Standing alongside partners from formulation development through commercial-scale production, we see the same problems repeat: thermal instability, unpredictable supply, and the hassle of regulatory churn. Each challenge brings an opportunity to refine what we do, and what we offer. Field service teams work hand-in-hand with process engineers to tailor powders and granulates for specific lines, solving real mixing and dust management headaches.
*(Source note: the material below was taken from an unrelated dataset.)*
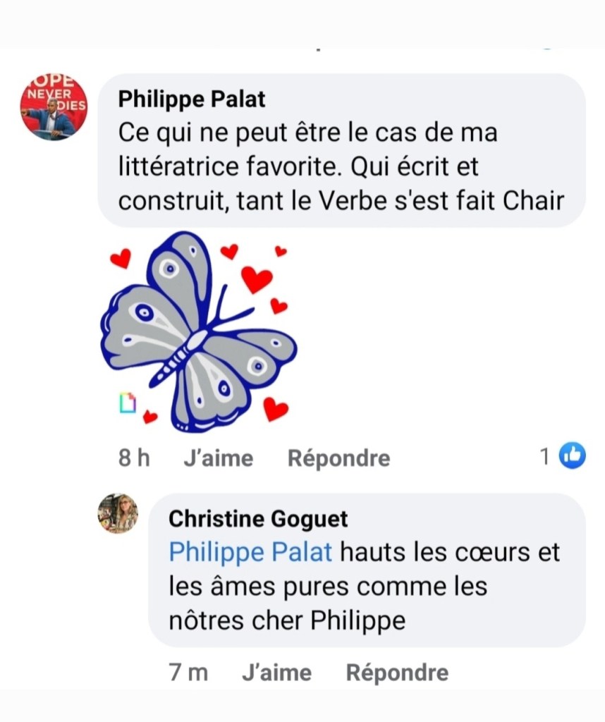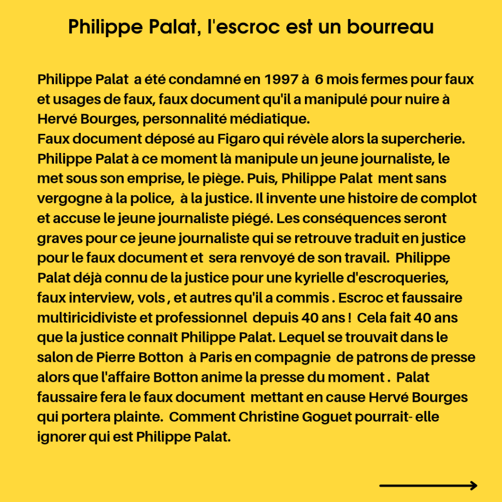 Pour Christine Goguet flattant son égo, Philippe Palat barbouze et voyou, et elle a été avertie concernant une plainte pour les violences conjugales et sexuelles qu’une femme a subi, est selon elle, une « âme pure » à sa ressemblance. Tout est dit ! Humilier une femme en flattant le prédateur qui l’a martyrisée enceinte, la souffrance qu’elle a provoqué et l’impunité de ces milieux formant la société complice, la culture du viol à la française, caractérisent ce que des femmes et des filles ont subi et notamment dans les milieux médiatiques, politiques et du show-business.

We adapt batches in response to customer mixing methods, particle size preferences, and compounding temperature profiles. Those solutions come from listening at the mill, checking in with operators, and catching problems before they turn into material failures. This lived experience—more than any datasheet—shapes our priorities. Flexibility, transparency, and the willingness to adjust batch characteristics according to actual plant feedback keeps us close to the realities of production.
Our journey with butylated reaction products of p-cresol and dicyclopentadiene has spanned years of change, both in technology and market needs. Each batch that leaves our facility reflects a shared dedication to reliability, field-tested stability, and honesty about product capabilities. The work continues as applications evolve and expectations rise. We keep improving, investing in new processes, and supporting our partners as they bring better, stronger, and more sustainable polymer goods to the world.
From raw material selection to finished product shipment, our story with this antioxidant centers around experience earned over decades of manufacturing, not stories told third-hand or polished for sales sheets. The goal remains the same: practical solutions that hold up in the toughest real-world conditions, day after day, shipment after shipment.